Откровенное признание это укрепило мои подозрения. Укрепило настолько, что я даже осмелюсь внести в это объяснение Татьяны Максимовны небольшую поправку. «Подо всем этим был и страх», — пишет она. Так вот — не «и страх», а — только страх. Ничего, кроме страха.
Когда советская власть рухнула, плотная завеса над тайнами КГБ стала постепенно приоткрываться. Стали появляться статьи, в которых всерьез обсуждались самые невероятные фантазии, легенды, слухи, связанные с таинственной деятельностью всесильного ведомства. И то и дело стало мелькать в этих статьях слово «зомби». Были, мол, там у них, в их секретных лабораториях, созданы лучи, с помощью которых любого человека можно было превратить в зомби. Пооблучают высоколобого интеллигента, славящегося независимостью своих суждений, такими лучами, и он превратится в живую куклу, биоробота, покорно выполняющего чужую волю.

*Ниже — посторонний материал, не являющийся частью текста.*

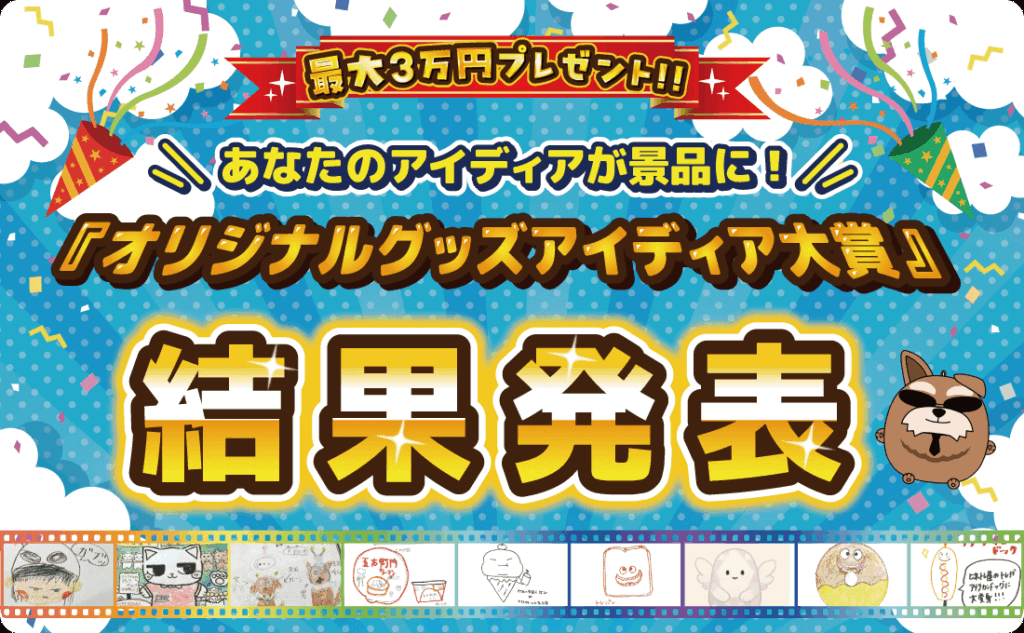 2025年7月19日(土)〜8月31日(日)まで開催した「オリジナルグッズアイディア大賞」において、各部門の受賞者が決定いたしました!ご応募いただいた皆様、素晴らしいアイデアを誠にありがとうございました!子供の部 受賞作品学生の部 受賞作品...
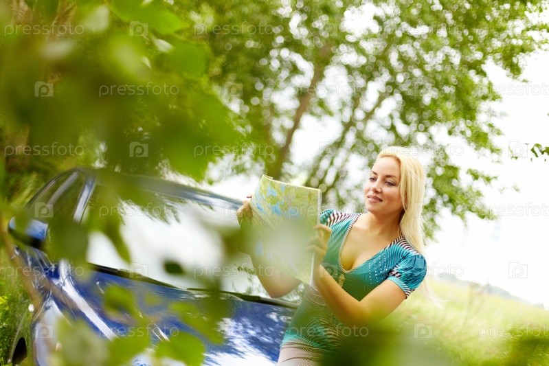 Блондинка рассматривает карту, сидя на капоте автомобиля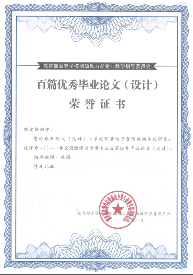 近日,由教育部高等学校能源动力类专业教学指导委员会主办的首届全国能源动力类专业优秀本科毕业论文(设计)在线展示交流活动在山东大学落下帷幕。经专家评审,我校能源与动力工程学院能源与动力工程专业刘文静同学的毕业论文《多级环量增升翼型风洞实验研究》被评为2021年全国能源动力类专业百篇优秀毕业论文(设计),论文的指导教师为杜海副教授。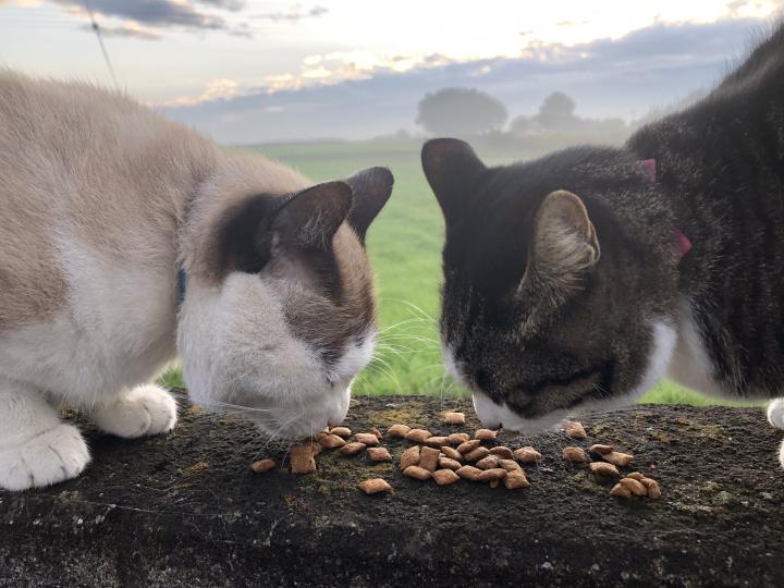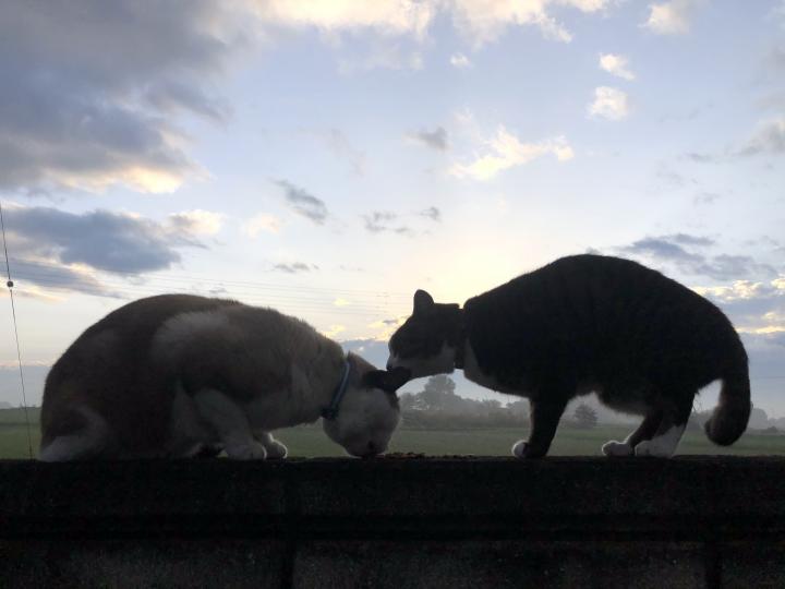 ご褒美のシーバ、いつもトラちゃんは好きじゃないからいらにゃーい、って言うのに今日はモリモリ食べてるにゃ。
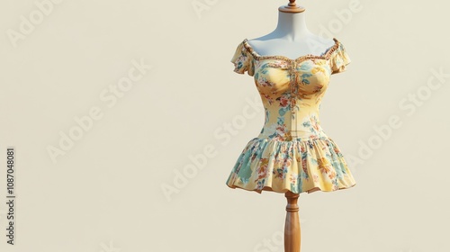 Elegant Floral Dress on Display, Vintage Inspired Fashion Piece with Off-Shoulder Design Perfect for Summer Weddings, Parties and Fashion Photography Sessions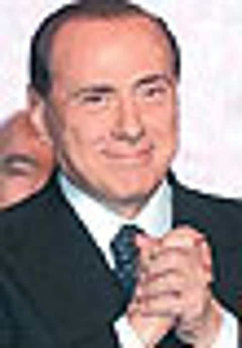—Silvio Berlusconi, the 72-year-old scandalous Italian Prime Minister, playing along at a youth rally in Rome.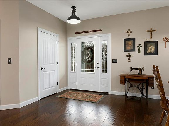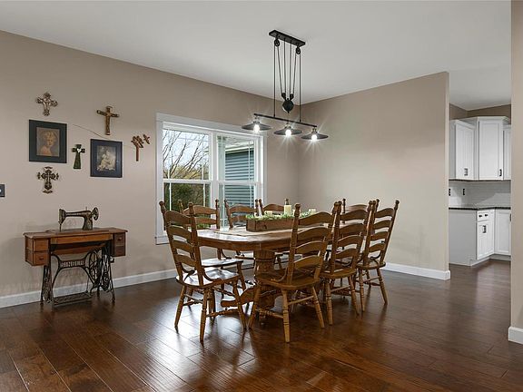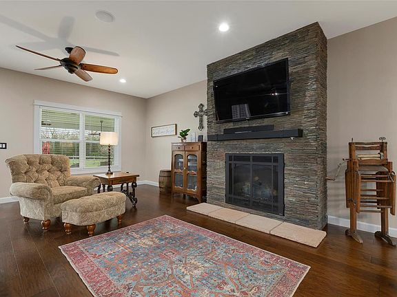 Stunning 6 year old custom built ranch home on 6 acres including a gorgeous barn/outbuilding with horse stall and room for more! Enjoy your time relaxing on the expansive outdoor covered patio overlooking the fenced pasture and gorgeous natural vistas. This perfectly planned home is great for entertaining with its open floor plan and expansive Chef's kitchen with walk-in pantry. The split floorplan has a wonderful primary suite with dual sinks, shower, claw-foot tub, and large walk-in closet. The opposite side of the home has 2 additional bedrooms and full hall bathroom. There is a powder room off the kitchen and generous laundry room as you head to the oversized garage. There are 2 sets of stairs leading to the lower level, either off the kitchen or directly from the garage. The 9' pour lower level currently has a partially finished workshop with built-in cabinets and lighting, egress window and partial rough-in. Your paradise awaits! Horses and chickens welcome!

Ни к какому определенному выводу авторы тех статей так, кажется, и не пришли. Вопрос остался открытым: то ли в самом деле были у них эти лучи, то ли все это выдумки, плод испуганной интеллигентской фантазии.
Но я-то точно знал, что такие лучи у них действительно были.
В конце 80-х, когда «жидивська вера полегчила», как, бывало, говаривал мой отец, когда ему мерещились некоторые государственные послабления, я впервые пересек границу «большой зоны». Первой моей «заграницей» стала Германия. Там я встретился со своим другом-эмигрантом Геной Файбусовичем (Борисом Хазановым) — тем самым, которому наши славные органы хотели приписать авторство 66-го сонета Шекспира.
В отличие от других моих друзей-эмигрантов, он без особого интереса относился к переменам, происходившим в нашем отечестве. Когда я спросил его о причинах этого вялого интереса, он сказал:
— Я не верю, что советская власть рухнула. Она будет существовать до тех пор, пока существует КГБ. А КГБ будет существовать вечно.
Я возражал. Говорил, что тайная полиция — не изобретение советской системы, что аналогичные структуры существуют во всех странах. Что КГБ будет служить новой власти так же, как он служил прежней.
— Вот ведь раньше меня не выпускали за рубеж. А теперь — выпустили. Кто выпустил? Да тот же самый КГБ. Почему? Потому что приказали. Что им прикажут, то они и будут делать!
Гена в ответ на эти мои оптимистические прогнозы только грустно покачал головой. И сказал:
— КГБ — это не просто тайная полиция. Это совсем другое.
Не помню, что и как отвечал я на это. По вечной моей склонности к спору, наверно, что-то отвечал. Но в глубине души сразу с ним согласился. Я ведь тоже — может быть, не так хорошо, как Гена, потому что, в отличие от него, не был «за той стеной», — но достаточно хорошо знал, что КГБ — это не просто тайная полиция. Что это — совсем другое.